Köln – Patienten und Ärzte brauchen eine eigenständige Nutzenbewertung von Medikamenten, um gute Entscheidungen treffen zu können.
Wenn ein neues Arzneimittel auf den Markt kommt, erfüllt es Mindeststandards zu Sicherheit und Wirksamkeit. Welchen Wert es für Patientinnen und Patienten wirklich hat und welches Mittel das Beste ist, muss dann aber meist erst noch in einer Nutzenbewertung geklärt werden.
Die Zulassung neuer Arzneimittel ist ein Kompromiss: Auf der einen Seite sollen Patientinnen und Patienten möglichst sichere und wirksame Medikamente erhalten. Auf der anderen Seite soll das Verfahren aber nicht zu lange dauern, damit wichtige neue Medikamente schnell zur Verfügung stehen. Zulassungsbehörden konzentrieren sich deshalb häufig auf medizinisch-pharmakologische Fragestellungen. So mussten zum Beispiel alle in Deutschland zur Behandlung von hohem Blutdruck zugelassenen Wirkstoffe nachweisen, dass sie den Blutdruck wirksam senken können und dass keine Sicherheitsprobleme bestehen.
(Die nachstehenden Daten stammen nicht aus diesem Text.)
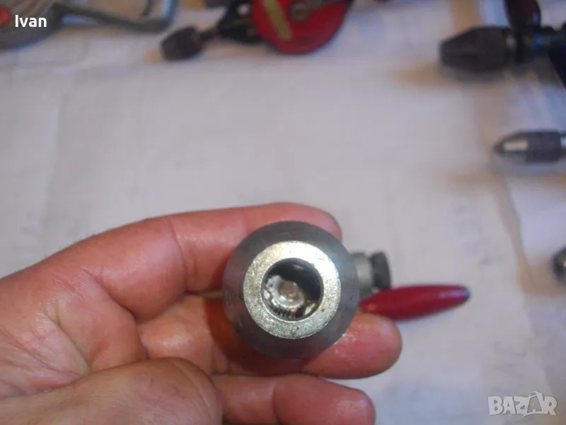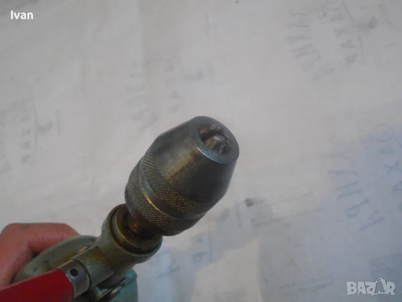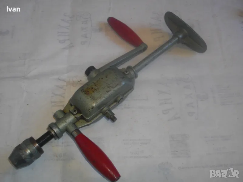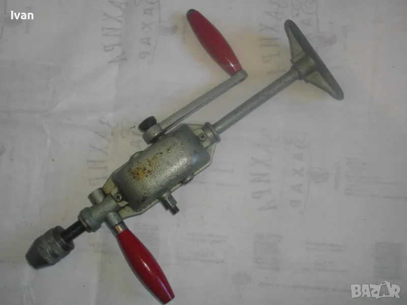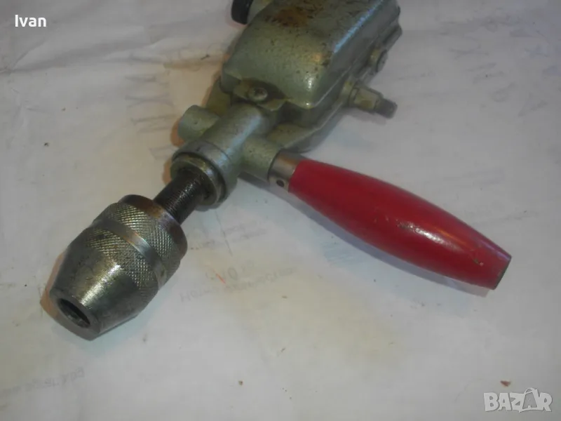 ОПИСАНИЕ на ръчна дрелка-бормашина с опорно рамо - цена 129 лв. Старо качество профи Зап.Германия. Маркировка S10-1. Почти нова, в отлично раоттно състояние. Двускорстна. Масивна, от масивен метал.Масивно опорно метално рамо. Цялостна длжина - 345 мм. Оригинална сива металик боя. Резби от двете страни на корпуса за странични дръжки. Поставена оригинална странична дръжка с дървено покрите без охлузвания по боята. Патронник - масивен метален, голям - захват до 13 мм. Поставена за проба и тест бургия за дърво и метал. Тегло - 1,8 кг. Цена на инструмента 129 лв.

Wirksamkeit ist nicht gleich Nutzen
Patientinnen und Patienten, die dann gemeinsam mit ihren Ärzten vor der Wahl stehen, welches Arzneimittel sie nehmen sollen, hilft das aber nur begrenzt: Es reicht nicht zu wissen, dass der Blutdruck gesenkt wird, sondern man möchte wissen, was man gesundheitlich davon hat – wie gut ein Mittel also zum Beispiel Herzinfarkten oder Schlaganfällen vorbeugt, sagt Jürgen Windeler, Leiter des Instituts für Qualität und Wirtschaftlichkeit im Gesundheitswesen (IQWiG). Die Nutzenbewertung soll also gezielt Fragen beantworten, die für Patienten und Ärzte wichtig sind: Wird das Leben verlängert? Gibt es weniger Komplikationen und eine bessere Lebensqualität?
Weil diese Fragen bei der Zulassung häufig nicht geklärt sind, ist die eigenständige Nutzenbewertung für gesetzliche Krankenversicherte fest im Sozialgesetzbuch V verankert.
Nutzenbewertung schafft Wissen
Internationaler Standard der Nutzenbewertung ist auch, dass sich ein Arzneimittel einem fairen Vergleich mit anderen Therapien stellen muss. Dabei geht es also oft auch um den Zusatznutzen, den ein Mittel gegenüber anderen Arzneimitteln oder Behandlungsverfahren hat. Das Zulassungsverfahren ist eine unverzichtbare Voraussetzung, um Kranke vor unwirksamen oder gefährlichen Arzneimitteln zu schützen, sagt Jürgen Windeler: Aber ohne eine anschließende eigenständige Nutzenbewertung würde man Patienten und ihren Ärzten Wissen vorenthalten, das sie brauchen, um gute Entscheidungen zu treffen.